Chocolate Zucchini Cake

Chocolate Zucchini Cake

The zucchini in this cake makes a very nice moist chocolate zucchini cake. However, there are a few other great ingredients that contribute to making this one of the best chocolate zucchini cakes.

Follow along and make this cake with me!

Start by preheating the oven to 325 degrees F and grease a 9×13 pan.

I have used both a stand mixer and a hand mixer for this part and both worked. Next you will want to make sure the butter is softened and cream it with the oil, and both sugars until it is nice and fluffy. Add your eggs, vanilla, and buttermilk. If you don’t have buttermilk, sub 1/2 cup milk mixed with 1 1/2 tsp vinegar or lemon juice.

In another bowl, mix together your flour, cocoa (I used dark but you could use regular), salt, baking soda, and baking powder. Stir in the chocolate chips.

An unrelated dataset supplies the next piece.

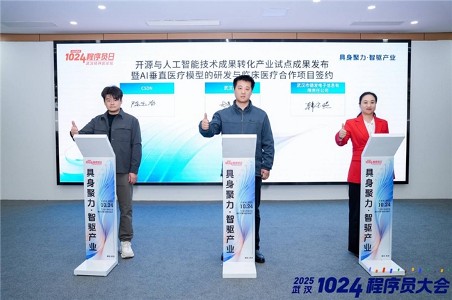 随后,CSDN、武汉昇腾人工智能创新中心、武汉市德发电子信息有限责任公司三方签署开源与人工智能技术成果转化产业试点合作协议。

Add this to the wet ingredients and mix well.

Stir in the shredded zucchini.

After this pour into the pan and bake for approximately 45 minutes or until a toothpick comes out clean.

In the meantime, make the frosting. Mix the sugar, cocoa, milk, corn syrup, butter, and salt in a small saucepan and bring to a boil. Boil for 3 minutes. Then remove it from the heat and allow it to cool.

After it has cooled down, add the icing sugar and vanilla and beat until a nice icing texture. Add more icing sugar if needed. It will be a bit of a sticky icing.

Pour it over the cake while the cake is still warm but not when it is too hot. You don’t want the icing to just completely melt into the cake.

Enjoy this chocolate zucchini cake just like this or with a side of ice cream and fresh peaches!

Chocolate Zucchini Cake

Recipe by trishamartin07Course: DessertCuisine: AmericanDifficulty: Medium
Servings

12

servings
Prep time

20

minutes
Cooking time

45

minutes
Calories

430

kcal

A delicious, fudgy, moist and quick to make cake for any occasion.

Ingredients

  • Cake
  • 1/2 cup butter, softened

  • 1/4 cup vegetable oil

  • 1/2 cup white sugar

  • 1/2 cup brown sugar

  • 2 eggs

  • 1 tsp vanilla

  • 1/2 cup buttermilk or sub 1/2 cup milk + 1 1/2 tsp vinegar or lemon juice

  • 1 1/2 cups flour

  • 1/4 tsp salt

  • 1/3 cup dark cocoa powder (regular cocoa powder will work)

  • 1 tsp baking soda

  • 1/2 tsp baking powder

  • 1/2 cup chocolate chips

  • 2 cups zucchini

  • Icing
  • 1/2 cup white sugar

  • 2 Tbsp cocoa

  • 1/4 cup milk

  • 1 Tbsp corn syrup

  • 2 Tbsp butter

  • dash of salt

  • 1/2 cup powdered sugar

  • 1/2 tsp vanilla

Directions

  • Cake
  • Preheat oven to 325 F and grease a 9×13 pan.
  • Cream together the butter, oil, and sugars until fluffy. Add the eggs, vanilla, and buttermilk and mix on low until combined.
  • In another bowl, mix together the flour, cocoa, salt, baking soda, and baking powder. Stir in chocolate chips.
  • Add the dry ingredients to the wet ingredients and beat to combine.
  • Stir in shredded zucchini.
  • Pour into the pan and bake for 45 minutes or until toothpick inserted into the center comes out clean.
  • Icing
  • While cake is baking, make icing. Mix sugar, cocoa, milk, corn syrup, butter, and salt in a saucepan and bring to a boil. Boil for three minutes.
  • Remove from heat and allow to cool.
  • Beat icing sugar and vanilla into the cooled mixture. Add more icing sugar if needed to reach desired icing texture. Pour frosting over cake while still warm.